At early meetings the hospitalists developed this process for their work together:
- Identify a common problem to study;
- Present data on the individual hospitalist or hospitalist group’s experience with the problem and a patient safety initiative to correct it;
- Create a steering committee and a team to research and present data on the initiative;
- Capture and organize data;
- Have an on-site visit from a principal investigator who participates in rounds and discusses data collection capabilities;
- Present to the group key steps in performing the patient safety initiative;
- Implement the initiative in as many of the nine hospitals that want to participate;
- Collect data from the larger group and report to the consortium; and
- Disseminate results through other regional and national meetings, and peer-reviewed journals.

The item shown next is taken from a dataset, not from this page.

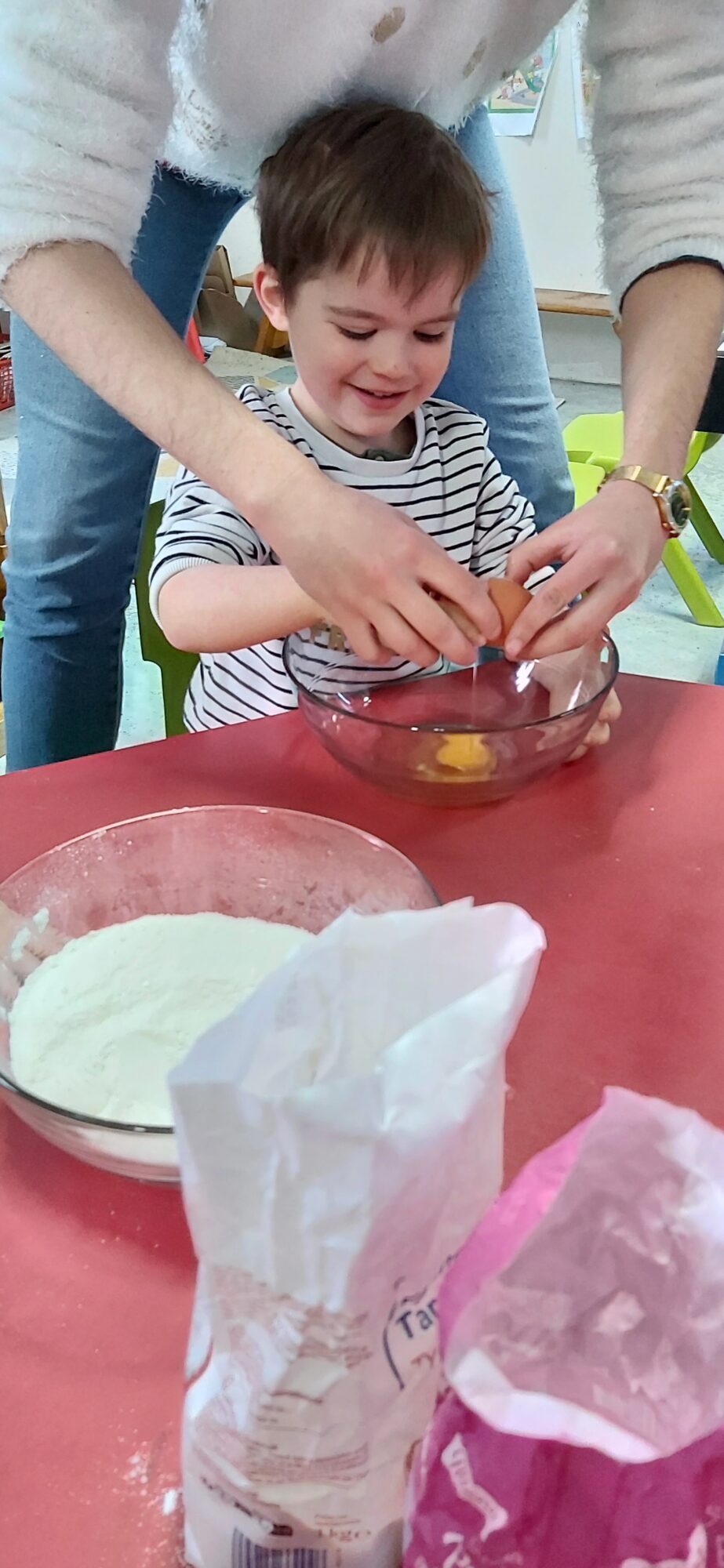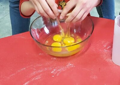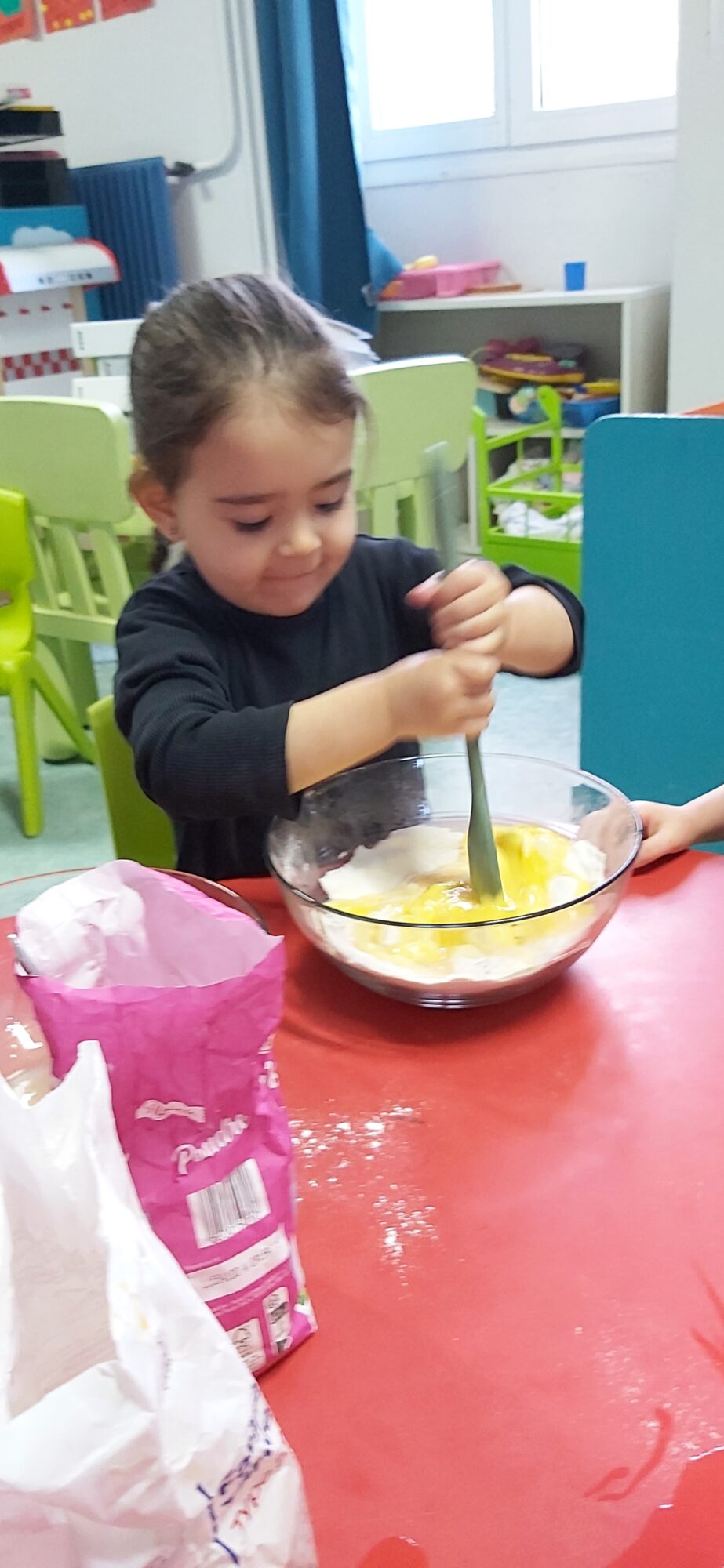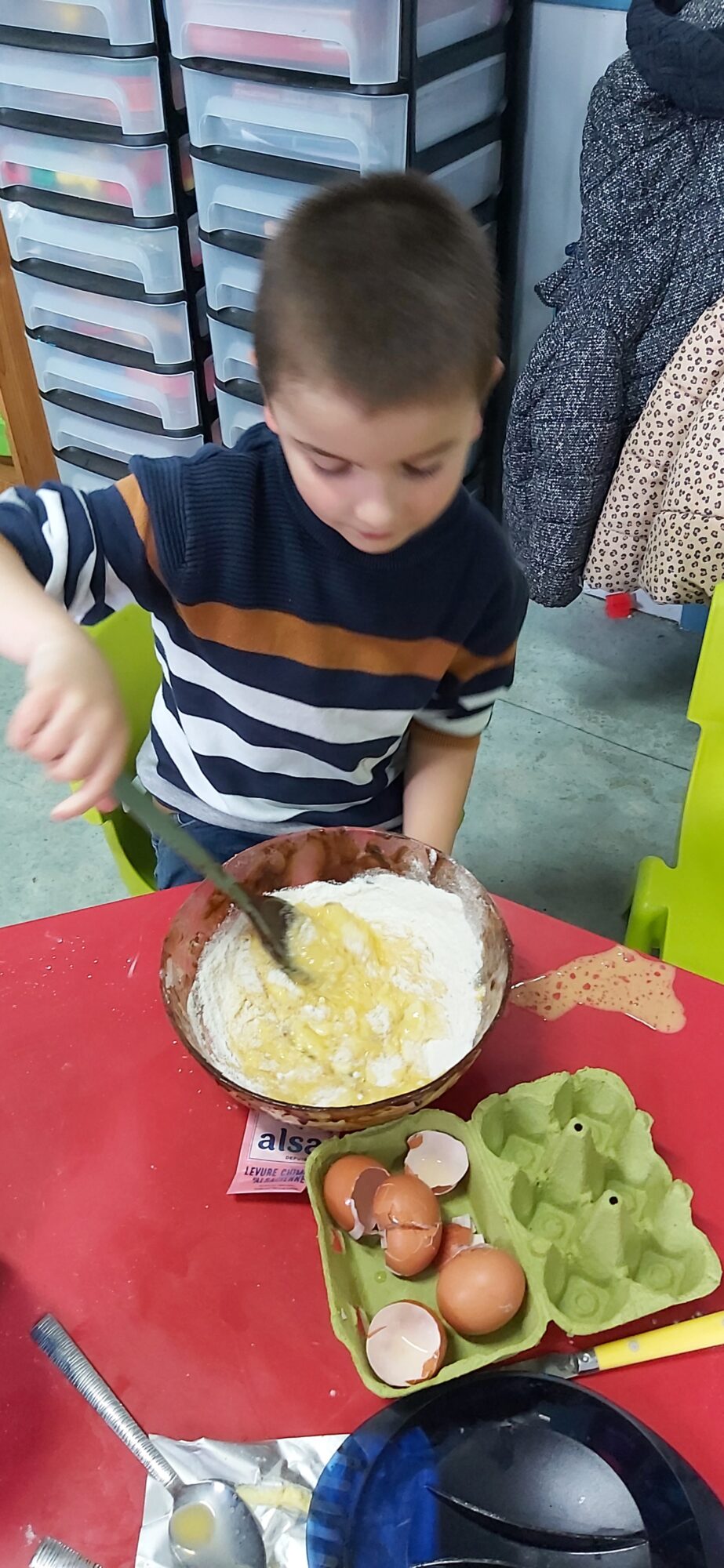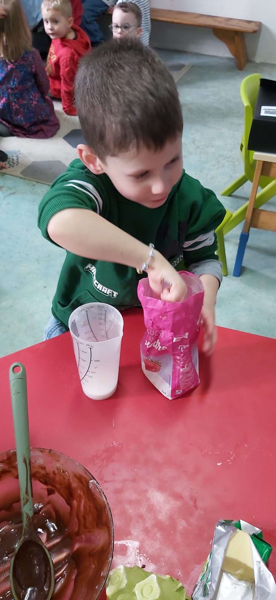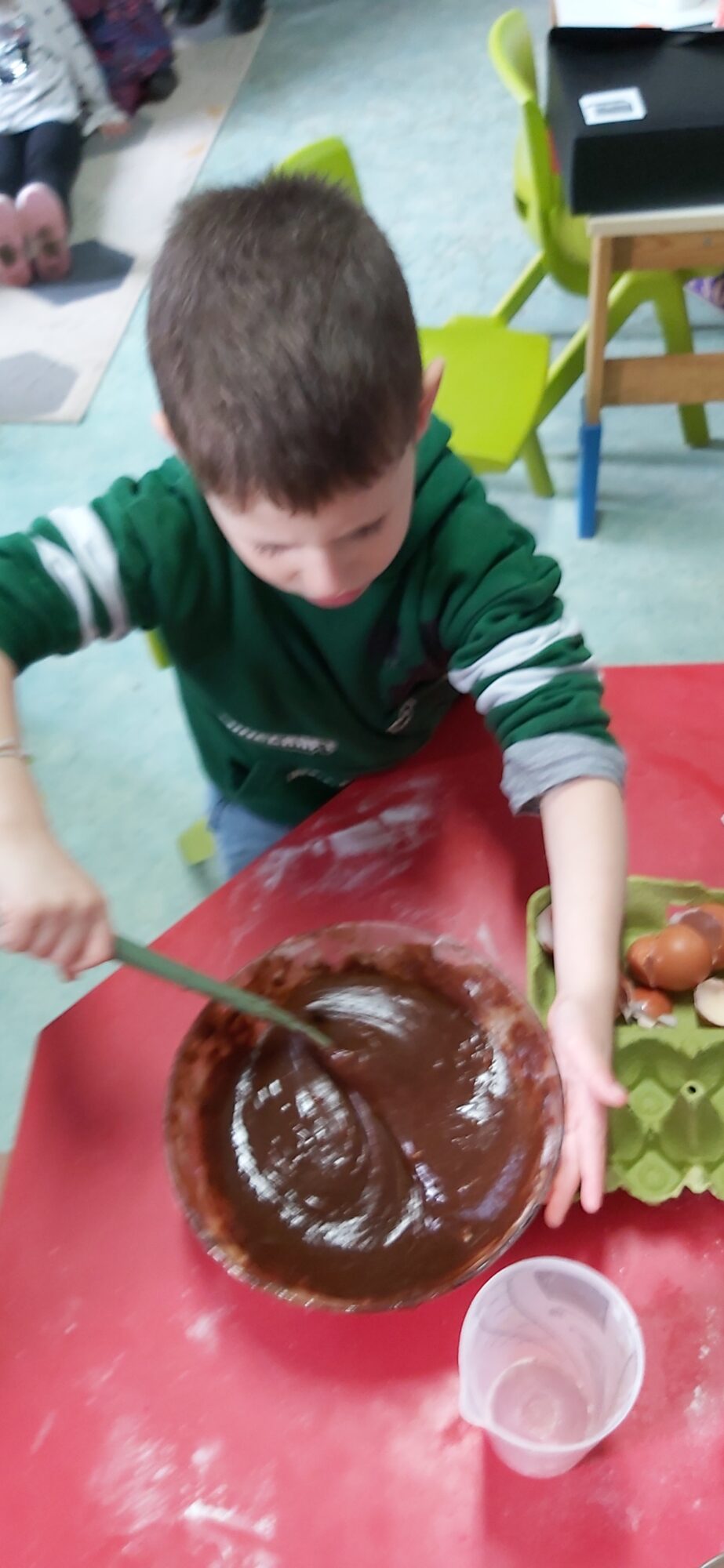 C’est l’occasion pour les enfants de découvrir les mélanges, les mesures, de travailler les quantités, la motricité fine. Atelier riche en apprentissages et très appréciés des enfants. Ils sont très fiers de déguster le fruit de leur travail !

HELPS’ funding frees participating hospitalists to attend quarterly meetings. Reflecting on their busy professional lives, Dr. Flanders says that groups are participating on different levels.
“We know that some hospitalist groups are stable, and they will propose initiatives, collect data, etc.,” he explains. “Other groups that may have recruiting and turnover issues and are just surviving won’t be able to do so, but their attendance at the meetings is very important. There are also small ad hoc meetings for those working on specific patient safety projects.
Took the Challenge
Bobby Lee, MD, director of inpatient medical education at the 600-bed Oakwood Hospital and Medical Center in Dearborn, Mich., eagerly joined the consortium when he realized that a large number of patients were being managed by a small number of hospitalist physicians.
“Scott [Flanders] and Sanjay [Saint] were very inclusive of hospitalists from different programs,” says Dr. Lee. “They articulated what’s important to us as hospitalists—that we bring something special to a hospital, to make it a safer place than when we got there.”
Sharing an Idea
Dr. Lee’s initiative, “Preventing Failure to Resuscitate,” addresses the issue that—on average—between 66% and 70% of patients outside the ICU on whom a code blue is called have alterations in their vital signs six to eight hours before the code. Dr. Lee’s solution was a rapid response team (RRT), developed after process analysis and data collection. And he has shared the initiative with HELPS.
“We did a literature review and then collected historical data on code blues at Oakwood,” explains Dr. Lee. “I took the data to our director of accreditation, an RN, and we felt that we could do better.”
After conducting several small pilot projects on different units to determine optimal staffing, equipment, and medications necessary for a quick response to a code, Dr. Lee presented his findings to Oakwood’s senior management, who committed the necessary resources. That includes a CCU nurse, respiratory therapist, either a hospitalist or intensivist, and a medical service resident—four teams in all for 24/7 coverage.